Data for the task below:
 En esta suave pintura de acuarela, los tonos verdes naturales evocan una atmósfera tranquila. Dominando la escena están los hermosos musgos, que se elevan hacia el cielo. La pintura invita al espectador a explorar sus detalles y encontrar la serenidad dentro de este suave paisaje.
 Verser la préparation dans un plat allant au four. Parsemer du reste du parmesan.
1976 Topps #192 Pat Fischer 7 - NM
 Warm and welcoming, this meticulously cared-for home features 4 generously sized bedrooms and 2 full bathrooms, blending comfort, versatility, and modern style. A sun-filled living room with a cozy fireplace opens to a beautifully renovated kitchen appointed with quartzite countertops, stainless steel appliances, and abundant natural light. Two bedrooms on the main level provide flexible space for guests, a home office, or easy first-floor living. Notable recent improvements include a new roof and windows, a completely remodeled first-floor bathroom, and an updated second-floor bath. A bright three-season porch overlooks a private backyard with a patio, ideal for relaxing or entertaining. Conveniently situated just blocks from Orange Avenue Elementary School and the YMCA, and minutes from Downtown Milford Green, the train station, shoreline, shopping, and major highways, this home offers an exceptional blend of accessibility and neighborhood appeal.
End of Data for the task.
Data for the task below:
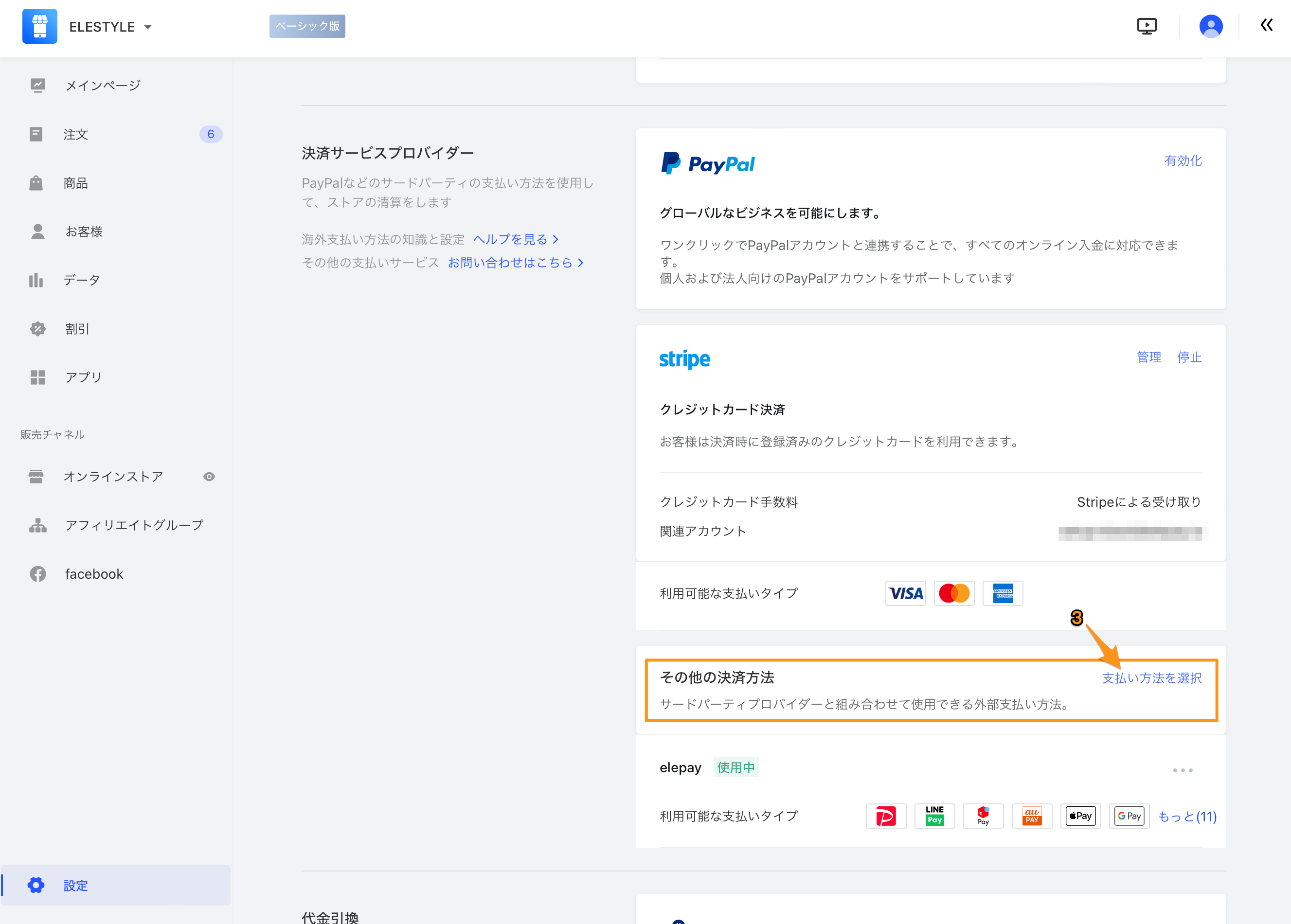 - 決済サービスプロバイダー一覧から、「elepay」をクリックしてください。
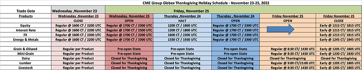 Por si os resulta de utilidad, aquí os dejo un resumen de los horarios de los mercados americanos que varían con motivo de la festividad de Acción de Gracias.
End of Data for the task.
Data for the task below:
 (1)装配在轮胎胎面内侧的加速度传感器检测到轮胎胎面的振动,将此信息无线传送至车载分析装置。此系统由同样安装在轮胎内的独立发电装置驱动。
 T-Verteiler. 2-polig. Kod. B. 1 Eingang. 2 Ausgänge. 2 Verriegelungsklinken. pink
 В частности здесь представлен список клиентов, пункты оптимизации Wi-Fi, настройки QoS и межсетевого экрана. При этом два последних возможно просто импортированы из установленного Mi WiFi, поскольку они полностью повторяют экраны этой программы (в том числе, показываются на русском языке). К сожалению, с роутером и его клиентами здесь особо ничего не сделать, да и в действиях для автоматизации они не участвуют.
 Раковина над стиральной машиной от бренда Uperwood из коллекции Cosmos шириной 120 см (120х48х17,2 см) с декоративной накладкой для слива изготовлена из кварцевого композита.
End of Data for the task.
--- Your goal ---
Beginning with the line above that contains "Verser la préparation", copy each line exactly up to and including the line that contains "1976 Topps #192 Pat Fischer 7 - NM", and go no further.

--- Response to the exercise ---
 Verser la préparation dans un plat allant au four. Parsemer du reste du parmesan.
1976 Topps #192 Pat Fischer 7 - NM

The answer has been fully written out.